1) Don't ask your university prof this: "Are you feeling okay today, because you look pretty bad?" In what realm is it okay to ask this?! Sigh. What was I thinking?
1.5) One of my regular baristas looks exactly like Edward Norton. Exactly. If you ever go to that SB, you'll know who I'm talking about. Norton is my all time fave actor. Top notch. Anyway, the barista and I were talking about what he could go as for Halloween. Obvs I suggested E. Norts. Cool Heidi, leave it at that. Nope, I had to go further. Too far in fact. I told him he should go shirtless and smear fake blood on his body so he could be the character from Fight Club. He could even carry around a bar of soap. "Hi, my name is Heidi, I'm a creeper and just recommended you take off your shirt." One, two, three: Awkward!

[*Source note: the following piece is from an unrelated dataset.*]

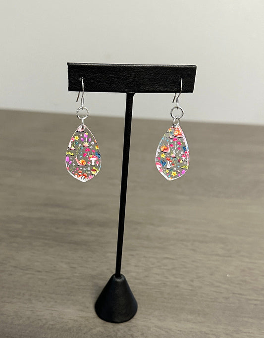 Snail and mushroom print earrings, stainless steel hypoallergenic earrings, mushroom earrings, snail earrings, caterpillar earrings

2) I need to clean out sketchy stuff from my fridge sooner. Shudder.
3) I gave notice to The Blouse. Partially it is because one lady brings out the "arg" in me, but mostly it's because I got more hours at the hotel.
4) I unscrewed my phone, did some stuff, screwed it back together, and loved it up big time with some Lysol. After charging it overnight, it works. Well, except for the number seven. Okay, and only half the screen works, which makes it fun to guess who called. Can I buy a vowel?
5) Freakin' Halloween candy.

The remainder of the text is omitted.